There are a wide range of offenders who range from future nominations for the Darwin Award to similar knowledge to the examiners. Some of the suspects I've dealt with have gone to great lengths to avoid prosecution, not just in technical terms but habits as well (deleting images after viewing, using CCleaner or similar tools immediately after). Virtual machines, encryption, wiping software, VPN's, TOR etc are becoming more widely used as once offenders are caught and spend some time in a cell together, they seem to discuss how they got caught and think of better ways not to get caught.

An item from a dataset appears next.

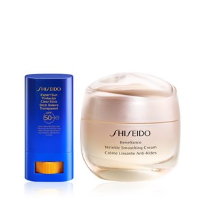 Shiseido Wrinkle Resist & Sun Protection Power Duo içerisinde Shiseido Benefiance Wrinkle Smoothing Cream 50ml ve Shiseido Expert Sun Protector Clear Stick SPF50+ yer alır. Benefiance Wrinkle Smoothing Cream, Neuroscience‘dan (sinirbilimi) esinlenerek tasarlanan ilk anti-aging üründür. Bu krem, sadece 2 haftada gözle görülür bir şekilde kırışıklıkları azaltır, ince çizgileri düzeltir ve cilde nem verir. Expert Sun Protector Clear Stick SPF50+ hem günlük hayatta hem de seyahat halindeyken UV savunması için SPF 50+ içeren şeffaf güneş koruyucudur. SychroShield Teknolojisi ile güçlendirilen bu stik güneş kremi, su ve ısıyla daha da güçlenen bir formüle sahiptir. Argan yağı ile ince çizgiler ve eşit olmayan cilt tonunu gözle görülür şekilde iyileştirir. Ürün detayları aşağıdadır.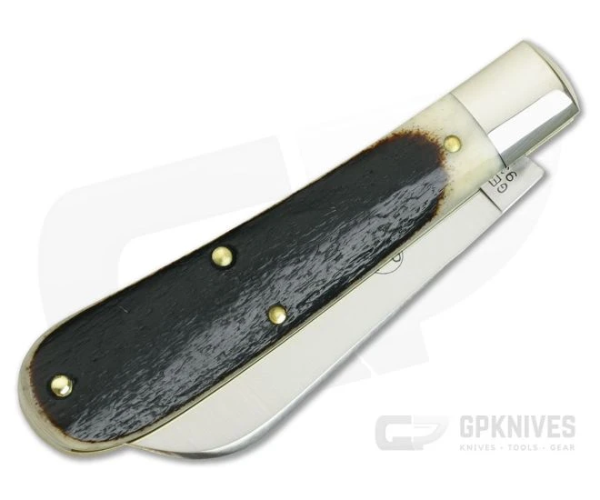 Blade: This new style from GEC blends the classic lines of the Sheepsfoot and Wharncliffe for powerful cutting potential. It is satin finished with proper nail nick pull and slight upper swedge with that just-right half stop action. The high carbon 1095 blade steel is tough and easy to sharpen to a razor like edge but requires care to prevent corrosion and will naturally patina over time.

“Now, how much of it is *needed* to get the suspect to trial (and reasonably be enough to have the Judge/Jury sentence him)? “
Maybe not that much to sentence for a possession/making charge of IIC (making for those not familiar with IIC jobs means downloading/copying etc. Production is the offence for creation of brand new IIC). But first I think its important to understand sentencing in the UK. Images are graded as one of three categories A- C, with A being most serious. In the sentencing guidelines, there is a table with 3 headings; Making/taking, distributing and Production . Underneath is the 3 categories and each box has a starting sentence for small quantity and large quantity.
So back to the question “how much is needed?”, firstly once you have a large quantity of the highest category of images (approx 200 say), then in terms of the possession/making charge you have enough for the higher level of sentence.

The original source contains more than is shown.